I've a portuguese wishlist but i must confess, i didn't pay it much attention in the last months.

These 2 cards are both from the Algarve region and both of them where on that wishlist. They were a nice surprise sent by Vitória "blicas blocas".

"Situated in a lovely square in the charming Silves town, this monument is considered to be the main gothic monument in the Algarve.
The origins of the monument are unknown. Documents affirm that in 1189, when Silves was taken by the Christian troops to the Moors, the Cathedral was built over the ancient Mosque, yet there are no material vestiges of this fact.
The architectonic style that has been maintained until nowadays is markedly Gothic, beginning in the 13th century and kept over long periods of construction.

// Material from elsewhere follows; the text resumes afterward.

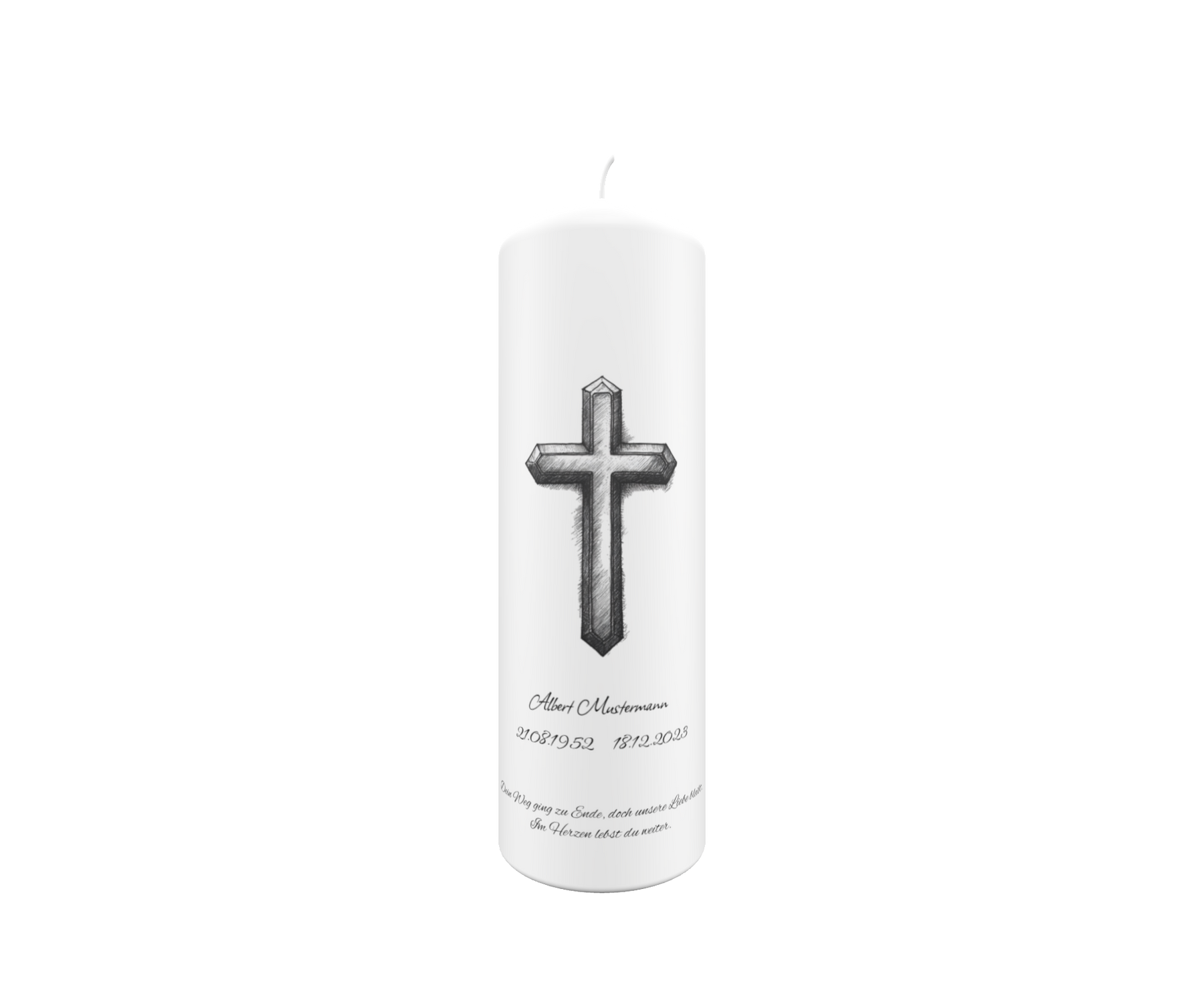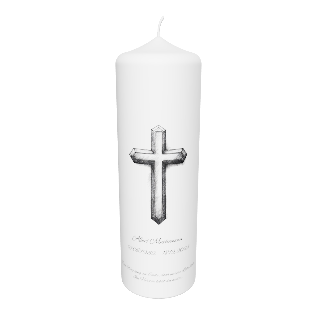 Die Trauerkerze „Skizzenkreuz“ besticht durch ihre schlichte, ausdrucksstarke Gestaltung.

In fact, several earthquakes that started damaging the still unfinished monument, which was restored in the 15th century in a simple type of Gothic style.

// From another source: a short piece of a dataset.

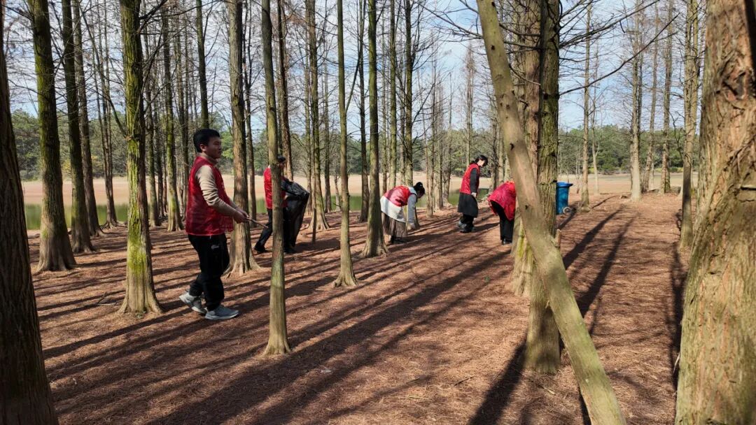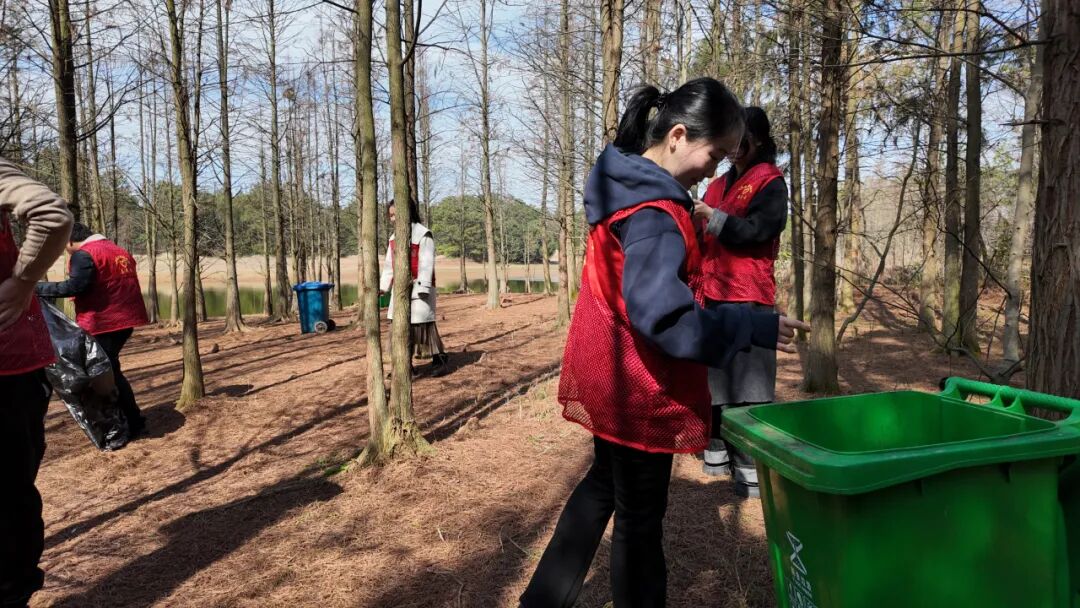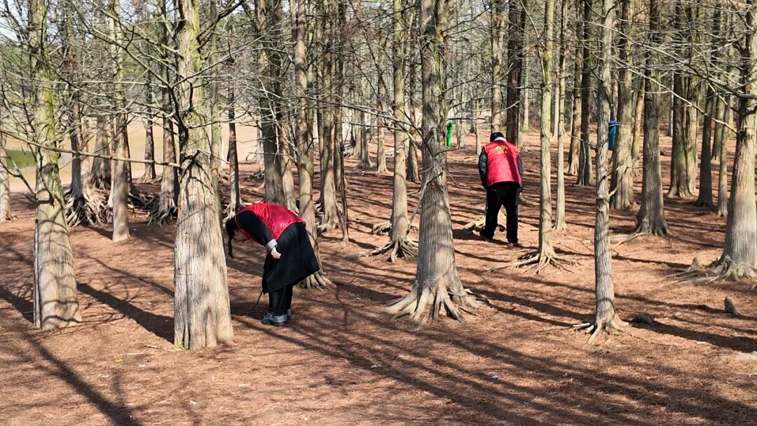 3月2日,青检先锋队干警们驱车来到圭峰牛栏坞水杉林。他们身着志愿者服装,撸起袖子,俯下身子,用自己的双手捡拾散落在林间的垃圾。大家干劲十足,不放过任何一个角落,干警们忙碌的身影成为林中一道亮丽风景线。

Afterwards other restoration works took place, namely in the 18th century (in the sequence of the big earthquake of 1755) and in the 20th century with the heritage preservation works when some annexes built in other architectonic periods were destroyed, with the goal to give back to the building its original Gothic purity.
The Cathedral presents a plant in latin cross, a nave with about 18 meters height, two lateral naves with golden sculpted altars dated from the Baroque period.

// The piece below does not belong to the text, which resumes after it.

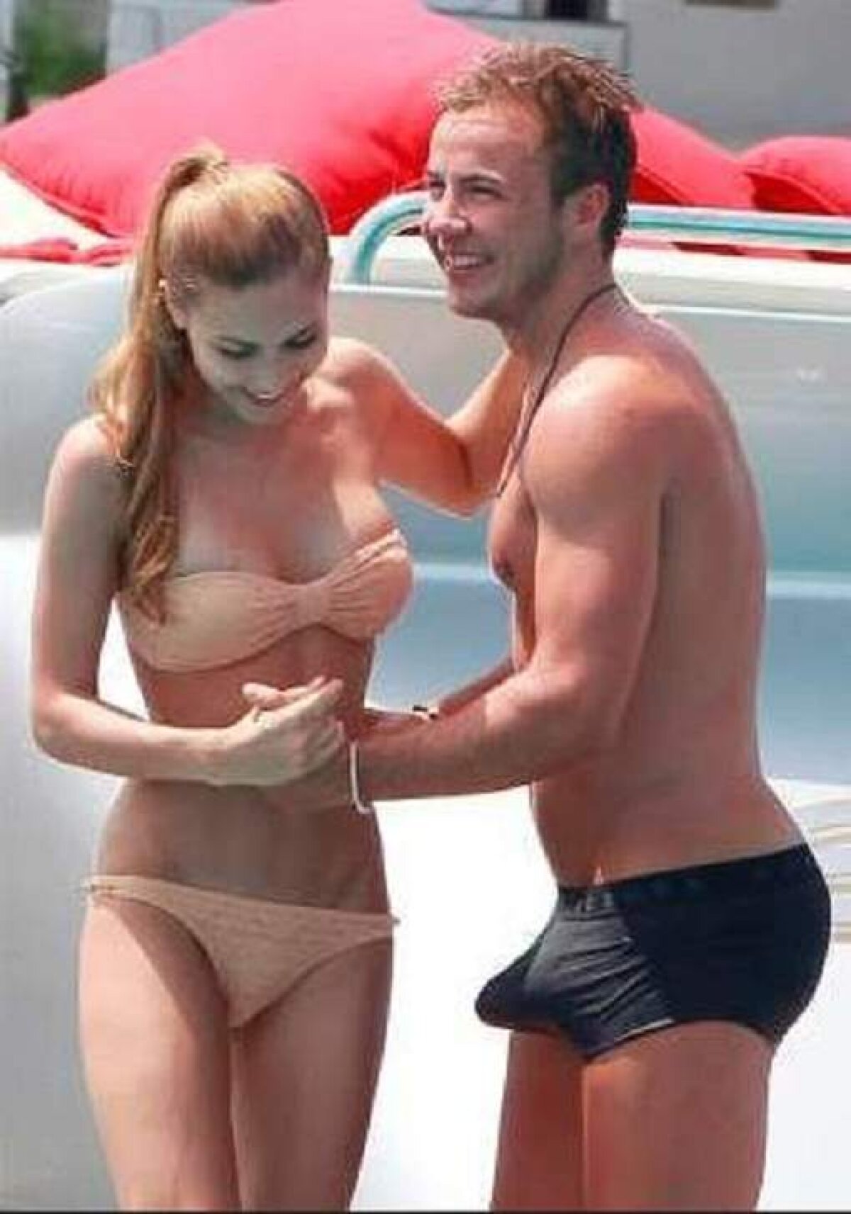 Tînăra l-a impresionat repede. Dovadă că mijlocaşul de 20 de ani al Borussiei Dortmund a fost surprins la piscină, în slip, cu o erecţie subită care l-a pus într-o situaţie stînjenitoare. Cei doi au replicat glumelor celor din jur cu zîmbete.

The famous central Portal is formed by an ogival arch with six archivolts.
In the south façade is another Portal in Baroque style dated from 1781, designated as “porta do Sol” (Sun’s Door).
The interior of the Cathedral contains the tombstone of the Portuguese king D. João the 2nd (whose body was later transferred to the wonderful Batalha Monastery), as well as several tombs of bishops and noble families of Silves." - in:
http://www.getportugal.com/en/poi-se-catedral-de-silves-17338


Sagres Lighthouse, located in Cape St. Vicent, the southwesternmost point in Portugal, was built over the ruins of a sixteenth-century Franciscan convent in 1846. This lighthouse, guarding one of the world's busiest shipping lanes, is among the most powerful in Europe (the most powerful being on the French island of Ushant, off the coast of Brittany); its two 1000-watt lamps can be seen as far as 60 kilometers away.